К чему он так сказал, я не понял, но тут же заметил, что к его голосу прислушиваются все, кроме хозяйки дома. Ему не откажешь в умении привлекать к себе внимание и внешностью, и замысловатыми изречениями. Бросил вроде невзначай какую-то непонятную фразу, блеснул сталинградской медалью на груди и... Теперь следи за ним — зачем он пришел незвано-непрошено? Так и есть, Ксения Прохоровна взглядом и жестами дала мне понять, что не звала его на эту встречу, но, коль пришел, не выгонишь. И уже на пороге предупредила меня:
— Смотри, прилипнет к тебе, не отстанет, как тень, а возле него всякие одонки ошиваются. Всюду с медалью за Сталинград себя показывает...
Теперь я почти уяснил суть слов матери Миши Ковалева, сказанных при утренней встрече возле гостиницы. Я боялся, что она сурово и строго будет осуждать меня за смерть сына, но пока вижу в ней доброжелательного советчика.
Три раза доливали самовар с электрическим подогревом. Чаепитие и разговоры затянулись до жаркого солнца. Услужливая Аннушка принесла из погреба соседнего двора квасу в туеске, холодного, даже берестяные стенки запотели.
— Испробуйте, холодненький, на хлебных отрубях, — сказала она, подвигая ко мне туесок.
— Негоже, — остановила ее Ксения Прохоровна. — Жар жаром гасят, а ты лед предлагаешь, без голоса человека хочешь оставить. Небось еще «молочком от дикой коровки» скрепила?
— Проверь. Думаешь, только ты одна трезвенница?
— Ладно, помолчи, дай человека дослушать.

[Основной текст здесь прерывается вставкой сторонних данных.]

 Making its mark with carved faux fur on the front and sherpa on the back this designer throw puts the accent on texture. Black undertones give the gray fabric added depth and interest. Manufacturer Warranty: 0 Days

Рассказываю все, что помню о Мише Ковалеве, о его подвиге. И когда моя устная повесть о нем дошла до прощального салюта, я встал. Поднялась и окаменела рядом со мной его мать. Отодвинули от стола табуретки и скамейки. Поднялись и те, кто сидел вдоль завалинки, на перевернутых кадушках, на бревнах разобранной стайки. Все стоят опустив голову, будто перед ними не стол посреди двора, а надгробие над братской могилой, где похоронен замполитрука Михаил Ковалев.
И тут я уловил, что допустил какой-то просчет в угоду Митрофанию. Если все стоящие были неподвижны и смотрели только себе под ноги, на землю, то он жадно, каким-то торжественным взглядом фиксировал свое внимание на мне и стоящей рядом со мной матери Миши Ковалева. В его глазах читалось: «Вот убедитесь, люди, в правоте Митрофания, не считайте его убогим, он знает, как надо утверждать веру в дух и кого брать себе в помощники в таком деле». Значит, я сработал на него. Надо быть действительно осмотрительнее. И еще: нельзя мне уезжать отсюда так скоро, как планировал.

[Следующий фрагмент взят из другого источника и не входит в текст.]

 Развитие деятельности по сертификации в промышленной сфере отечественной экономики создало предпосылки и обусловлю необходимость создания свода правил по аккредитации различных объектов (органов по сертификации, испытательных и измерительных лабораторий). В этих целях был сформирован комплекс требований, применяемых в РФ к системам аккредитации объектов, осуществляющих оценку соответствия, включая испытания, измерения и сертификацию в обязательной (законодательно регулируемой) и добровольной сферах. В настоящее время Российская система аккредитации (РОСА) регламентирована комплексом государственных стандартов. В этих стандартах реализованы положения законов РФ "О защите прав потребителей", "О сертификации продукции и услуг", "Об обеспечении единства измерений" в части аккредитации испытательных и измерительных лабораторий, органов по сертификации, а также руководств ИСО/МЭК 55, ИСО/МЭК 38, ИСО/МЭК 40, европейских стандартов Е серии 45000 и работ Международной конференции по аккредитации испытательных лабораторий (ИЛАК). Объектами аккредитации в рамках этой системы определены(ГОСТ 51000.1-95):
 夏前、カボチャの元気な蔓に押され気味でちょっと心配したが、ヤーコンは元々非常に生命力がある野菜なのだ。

К столу больше никто не присел. Снова заскрипела калитка, как мне теперь показалось, тихо и жалобно. Дольше всех неподвижной оставалась Ксения Прохоровна. Я тоже не смел тронуться до тех пор, пока она не подняла глаза, не прижала мою голову к себе и почти шепотом не повторила несколько раз:
— Спасибо, сынок, спасибо...
В груди у нее что-то прихлипывало, клокотало, похоже, слезы, которые она сумела сдержать в себе, чтоб смотреть на людей сухими глазами. Да, нельзя быть хлипкой при людях. Ведь она с давних пор слывет кремневой и непреклонной перед любой бедой и несправедливостью. Потом, оставшись наедине с собой, как бывало в молодости — муж ее был убит из-за угла выстрелом из обреза в первый год коллективизации, — смочит слезами и кофту и подушку.

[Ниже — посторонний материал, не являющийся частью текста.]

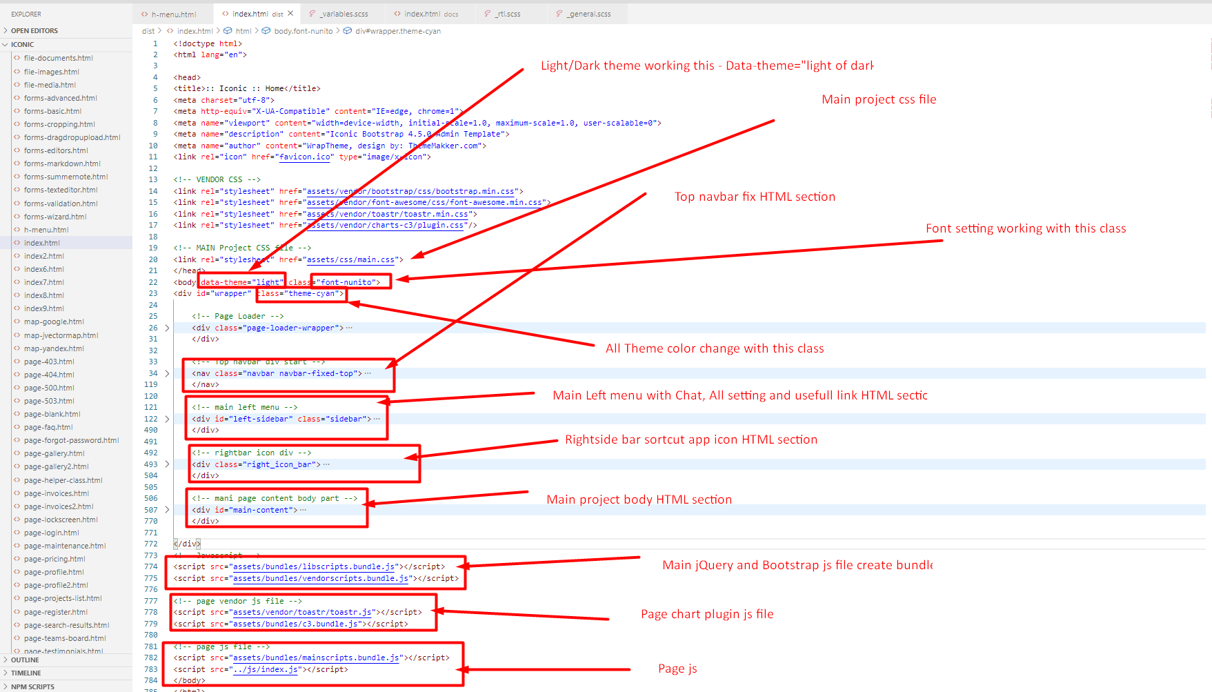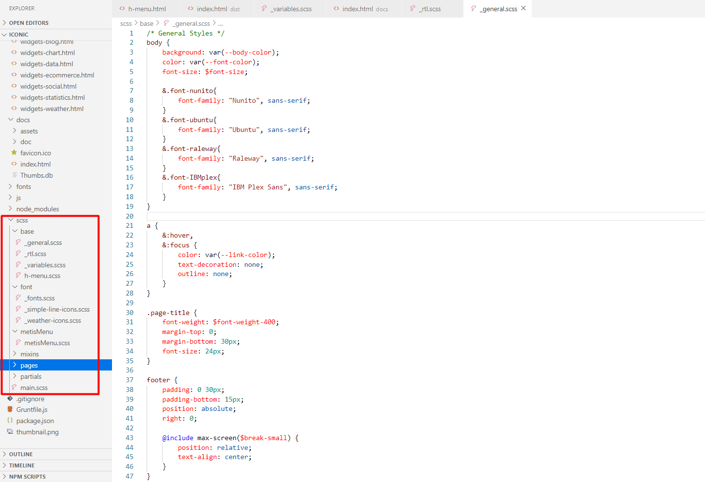 ICONIC/ ├──dist │ ├─assets/ │ ├─├─bundles/ │ ├─├─css/> │ ├─├─images/ │ ├─├─vendor/ │ ├─HTML pages/ ├──docs ├──fonts ├──js/ ├──node_modules ├──scss/ │ ├─base/ │ ├─font/ │ ├─metisMenu/ │ ├─mixins/ │ ├─pages/ │ ├─partials/ │ ├─main.scss/ ├──.gitignore ├──Gruntfile.js ├──package.js

Перед калиткой она остановила меня:
— Знаю, в райкоме тебе надо показаться. Иди, а дочку и сына оставь здесь... Повеселей мне будет, на озеро с ними схожу. А там скажи — побывала я сегодня на фронте рядом с сыном. Правду ты о нем сказал. Он такой и был. Боялась, в опасном деле сробеет, а он остался таким, каким родился... Под своим сердцем вынашивала его... Вот, видишь, при тебе могу и слезы показать. Мало их у меня осталось... В Яркуле у Таволгиных тебе надо побывать непременно. Потом обязательно в Рождественке, там многие по наущению этих не верят похоронкам, сколько лет ждут, истощают себя ложной верой. Побывай еще... да ты сам знаешь, у кого надо побывать.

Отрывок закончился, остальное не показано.